IV. Repression of sentiment is a marked characteristic of _Beowulf_ and it still remains a peculiarity of the Anglo-Saxon race. Some people say vastly more than they feel. This race has been inclined to feel more than it expresses. When it was transplanted to New England, the same characteristic was prominent, the same apparent contradiction between sentiment and stern, unrelenting devotion to duty. In _Snow Bound_, the New England poet, Whittier, paints this portrait of a New England maiden, still Anglo-Saxon to the core:--

"A full, rich nature, free to trust, Truthful and almost sternly just, Impulsive, earnest, prompt to act, And make her generous thought a fact, Keeping with many a light disguise The secret of self-sacrifice."

No matter what stars now shine over them, the descendants of the English are still truthful and sternly just; they still dislike to give full expression to their feelings; they still endeavor to translate thoughts into deeds, and in this world where all need so much help, they take self-sacrifice as a matter of course. The spirit of _Beowulf_, softened and consecrated by religion, still persists in Anglo-Saxon thought and action.

THE CAEDMONIAN CYCLE

Caedmon.--In 597 St. Augustine began to teach the Christian religion to the Anglo-Saxons. The results of this teaching were shown in the subsequent literature. In what is known as Caedmon's _Paraphrase_, the next great Anglo-Saxon epic, there is no decrease in the warlike spirit. Instead of Grendel, we have Satan as the arch-enemy against whom the battle rages.
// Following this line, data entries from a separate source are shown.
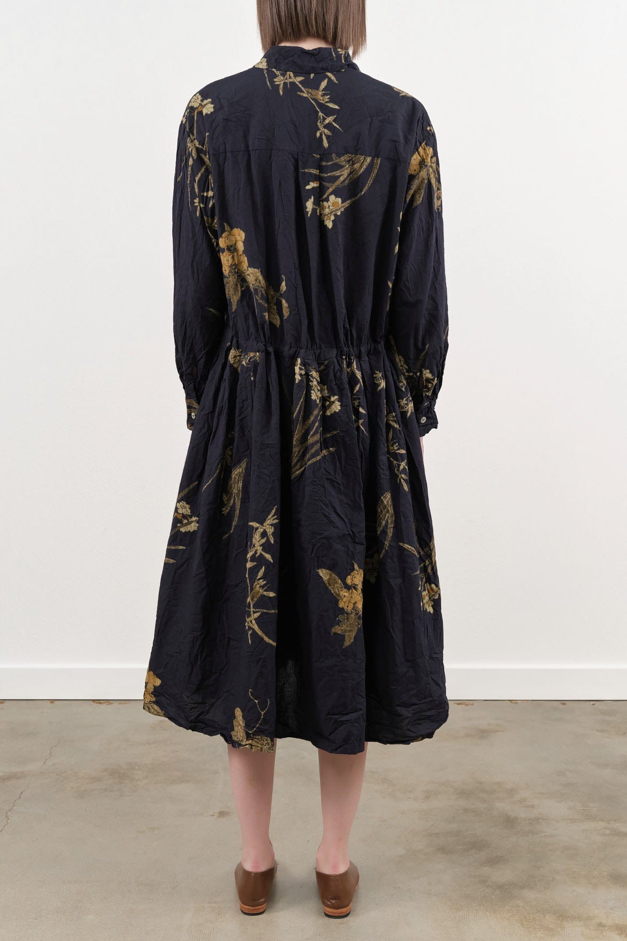 The Japonism Flower Print Dress is an elegant midi-length piece made from lightweight cotton. This dress features a captivating floral print that adds a touch of nature-inspired beauty to your wardrobe. Designed for comfort and style, it includes an internal string for a customizable fit, two convenient pockets for practicality, button cuffs for a refined finish, and a chic foldover collar. Perfect for any occasion, this dress is an elevated find.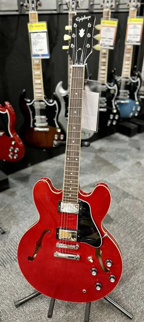 The ES-335 is Epiphone's version of the historic ES-335 that has been wowing guitar players all over the world for over six decades. From its inaugural appearance in 1958, the Gibson™ ES-335 set an unmatched standard. This Epiphone ES-335 is no exception. It is simply one of the best deals today for guitar players who want the classic sound of an ES-335 at an accessible price. The ES-335 is crafted with a layered maple top, back, and sides coupled with a solid maple tone block to create the amazing sustain, warmth, and resonant tone that players crave in a semi-hollow instrument. Epiphone's Alnico Classic PRO™ Humbuckers deliver a wide range of vintage sounds while the rounded C neck profile is extremely comfortable and easy to play, and the headstock features the 60s style Kalamazoo shape.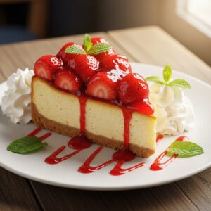 - Decorate and serve: Just before serving, spoon the vibrant strawberry topping over the chilled cheesecake. Arrange whole berries or strawberry halves around the edges for an elegant presentation.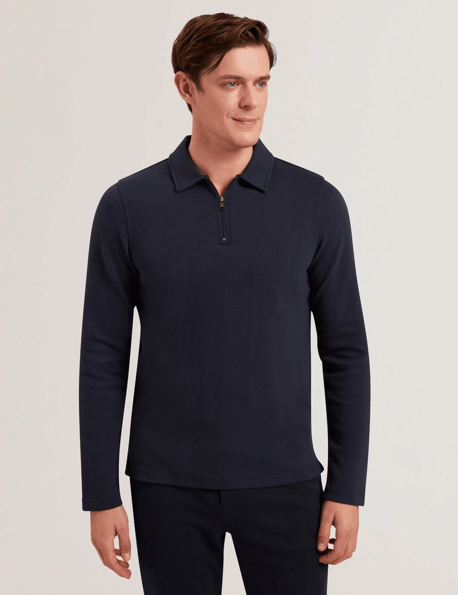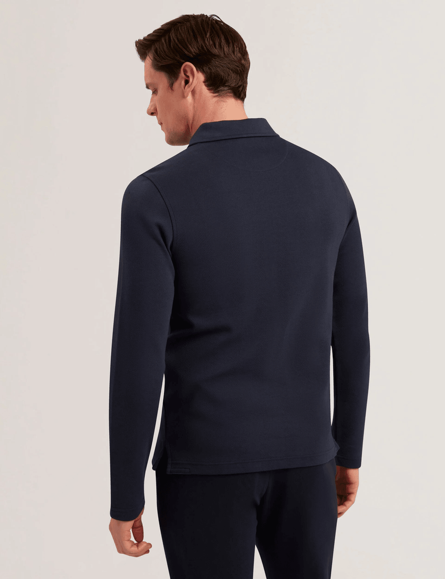 Discover the perfect blend of style and comfort with the Ted Baker KALEND | NAVY. This long sleeve polo shirt is designed for the modern man who values sophistication and versatility in his wardrobe. Crafted from pure cotton, it features a unique herringbone texture that adds depth to your look.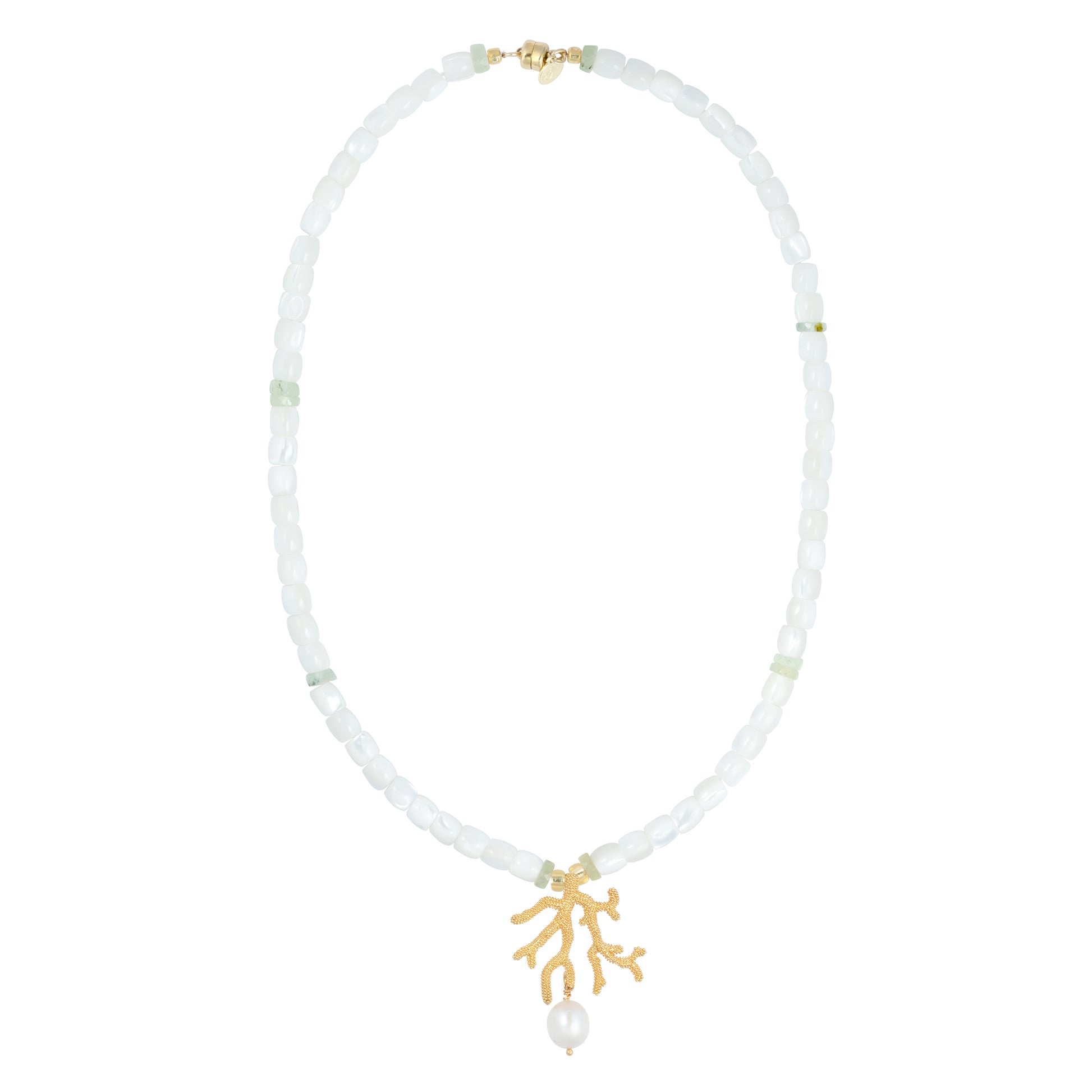 - Materials: Gold plated brass coral pendant, mother of pearl beads, prehnite gemstones, freshwater pearl, Miyuki glass seed beads, gold plated components

Caedmon, who died in 680, was until middle life a layman attached to the monastery at Whitby, on the northeast coast of Yorkshire. Since the _Paraphrase_ has been attributed to Caedmon on the authority of the Saxon historian Bede, born in 673, we shall quote Bede himself on the subject, from his famous _Ecclesiastical History_:--

"Caedmon, having lived in a secular habit until he was well advanced in years, had never learned anything of versifying; for which reason, being sometimes at entertainments, where it was agreed for the sake of mirth that all present should sing in their turns, when he saw the instrument come toward him, he rose from table and returned home.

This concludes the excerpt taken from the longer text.